I am developing a numerical code which does something like the example below. Basically, my_for() would compute some kind of stencil and call op() to do something with the data in my_type *arg for each i. Here, my_func() wraps my_for(), creating the argument and sending the function pointer to my_op()... who’s job it is to modify the ith double for each of the (arg->n) double arrays arg->dest[j].

typedef struct my_type {
  int const n;
  double *dest[16];
  double const *src[16];
} my_type;

static inline void my_for( void (*op)(my_type *,int), my_type *arg, int N ) {
  int i;

  for( i=0; i<N; ++i )
    op( arg, i );
}

static inline void my_op( my_type *arg, int i ) {
  int j;
  int const n = arg->n;

  for( j=0; j<n; ++j )
    arg->dest[j][i] += arg->src[j][i];
}

void my_func( double *dest0, double *dest1, double const *src0, double const *src1, int N ) {
  my_type Arg = {
    .n = 2,
    .dest = { dest0, dest1 },
    .src = { src0, src1 }
  };

  my_for( &my_op, &Arg, N );
}

This works fine. The functions are inlining as they should and the code is (almost) as efficient as having written everything inline in a single function and unrolled the j loop, without any sort of my_type Arg.

Here’s the confusion: if I set int const n = 2; rather than int const n = arg->n; in my_op(), then the code becomes as fast as the unrolled single-function version. So, the question is: why? If everything is being inlined into my_func(), why doesn’t the compiler see that I am literally defining Arg.n = 2? Furthermore, there is no improvement when I explicitly make the bound on the j loop arg->n, which should look just like the speedier int const n = 2; after inlining. I also tried using my_type const everywhere to really signal this const-ness to the compiler, but it just doesn't want to unroll the loop.

In my numerical code, this amounts to about a 15% performance hit. If it matters, there, n=4 and these j loops appear in a couple of conditional branches in an op().

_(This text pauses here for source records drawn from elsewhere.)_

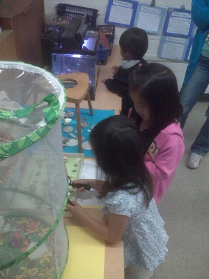 ちょうちょ(手前のグリーンのかご)や金魚(一番奥)の飼育、ルーペで貝を見たりするコーナーも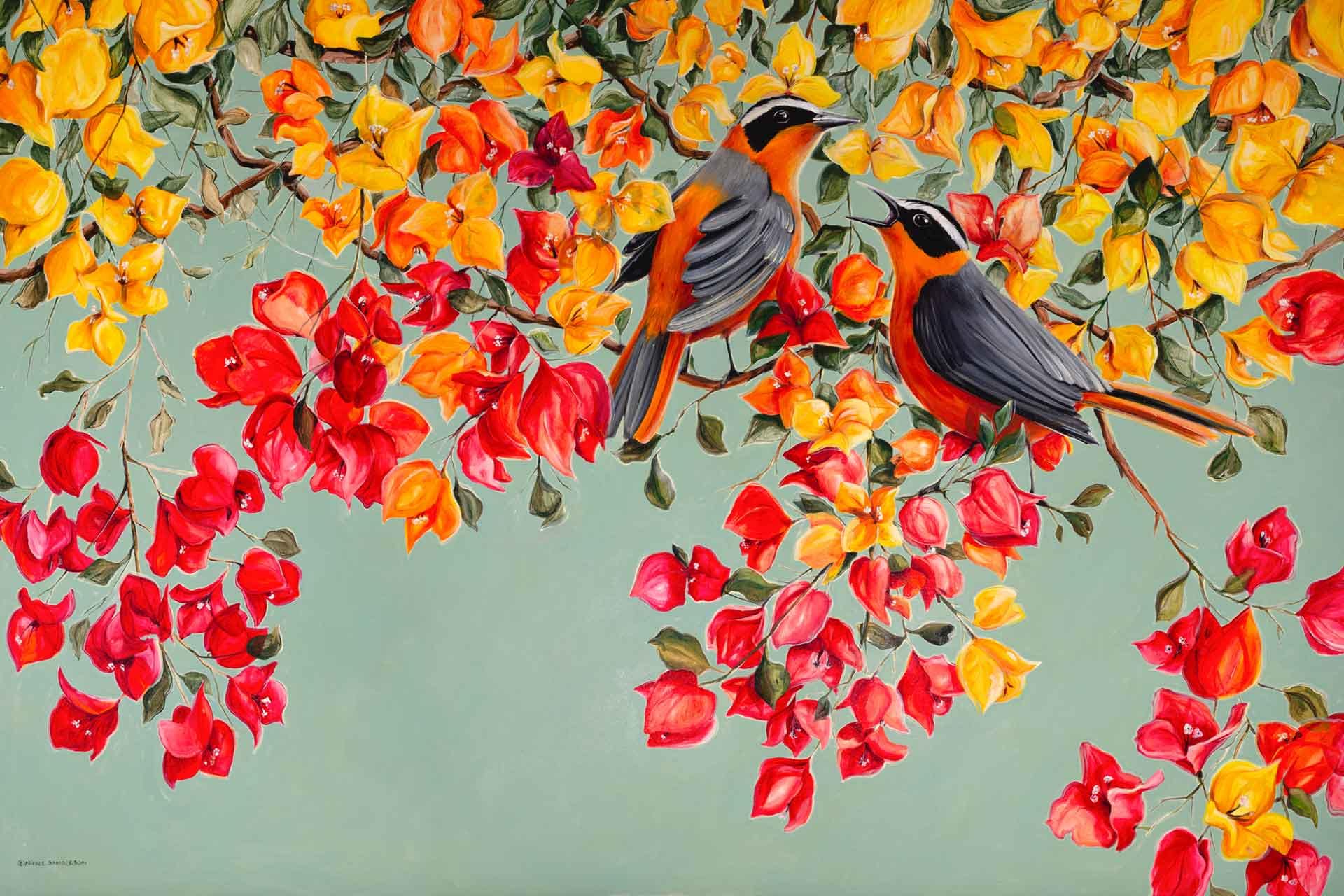 Bouganvillea Duet is a wallpaper design that forms part of our CS&Co collection. It is by the artist Nicole Sanderson. As with all our designs, it will be redesigned to suit your wall size and shape.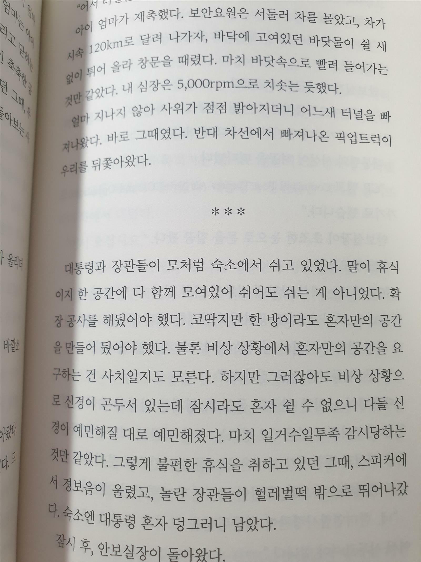 하지만 도시가 붕괴되고 고온의 더위가 덮친 서울에서 미국으로 떠나는 것은 혼자서는 도저히 할 수 없는 상황이었고 주인공이 살던 아파트의 몇몇 사람들이 서로 도와서 함께 미국으로 가자며 주인공과 함께 떠납니다. 그들은 아파트 보안요원, 게임폐인, 엄마와 어린아들, 전 국방부 장관 등이었는데 저마다의 방법으로 미국으로 갈 방법을 찾지만 결국 일행은 부산에서 배를 타고 일본으로 건너가 다시 비행기로 미국으로 가는 루트를 선택합니다. 좀비와 맞닥뜨린 위기에서 서로의 목숨을 구해가며 함께 부산으로 간 이들은 결국 함께 미국으로 가지는 못하고 부산에서 흩어지게 됩니다. 주인공도 온갖 고생을 해서 결말 부분에서는 미국으로 떠나게 된 것만 그려지고 미국에서 어떤 결말을 맞게 되는지는 보여주지 않습니다. 아무래도 작가가 미국에서 벌어지는 다음 이야기를 책으로 또 펴낼 것을 염두에 둔 것이 아닌가하는 생각이 듭니다.
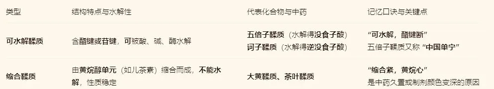 1.分类明晰:鞣质分可水解与缩合,多糖分水溶与水不溶,蛋白质注意酶的特殊性。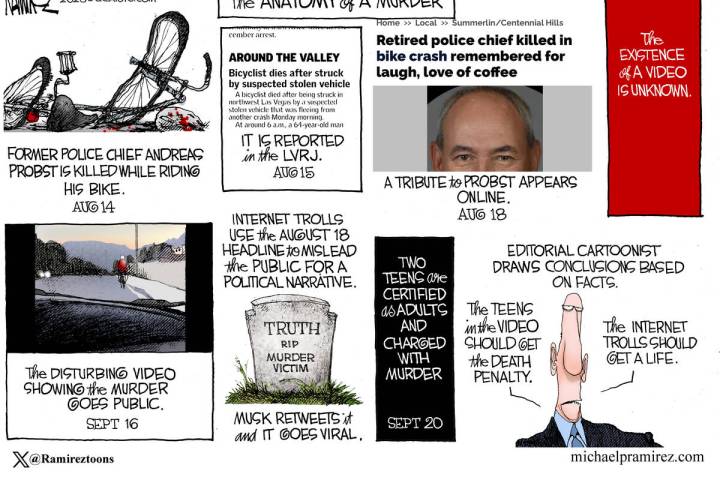 Review-Journal editorial cartoonist Michael Ramirez is a two-time winner of the Pulitzer Prize and a three-time winner of the Sigma Delta Chi Award.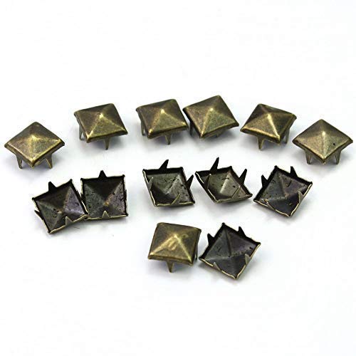 Uteruik 12mm Bronzo Rivetti Quadrati Piramide Borchie Testa, Chiodini Leathercraft Goth Punte per Fai da Te, Accessori per Scrapbooking, 100 Pezzi

I am compiling with icc (ICC) 12.1.5 20120612. I tried #pragma unroll. Here are my compiler options (did I miss any good ones?):

-O3 -ipo -static -unroll-aggressive -fp-model precise -fp-model source -openmp -std=gnu99 -Wall -Wextra -Wno-unused -Winline -pedantic

Thanks!

2

There are 2 answers

4
egur On BEST ANSWER

Well, obviously the compiler isn't 'smart' enough to propagate the n constant and unroll the for loop. Actually it plays it safe since arg->n can change between instantiation and usage.

In order to have consistent performance across compiler generations and squeeze the maximum out of your code, do the unrolling by hand.

What people like myself do in these situations (performance is king) is rely on macros.

Macros will 'inline' in debug builds (useful) and can be templated (to a point) using macro parameters. Macro parameters which are compile time constants are guaranteed to remain this way.

7
Adrian Jałoszewski On

It's faster, because your program does not assign memory to the variable.

If you don't have to perform any operations on unknown values they are treated as if they were #define constant 2 with type checking. They are just added while the compilation.

Could you please chose one of the two tags (I mean C or C++), it's confusing, because the languages treat const values differently - C treats them like normal variables which value just can't be changed, and in C++ they do or don't have memory assigned depending on the context (if you need their address or if you need to compute them when the program is running, then memory is assigned).

Source: "Thinking in C++". No exact quote.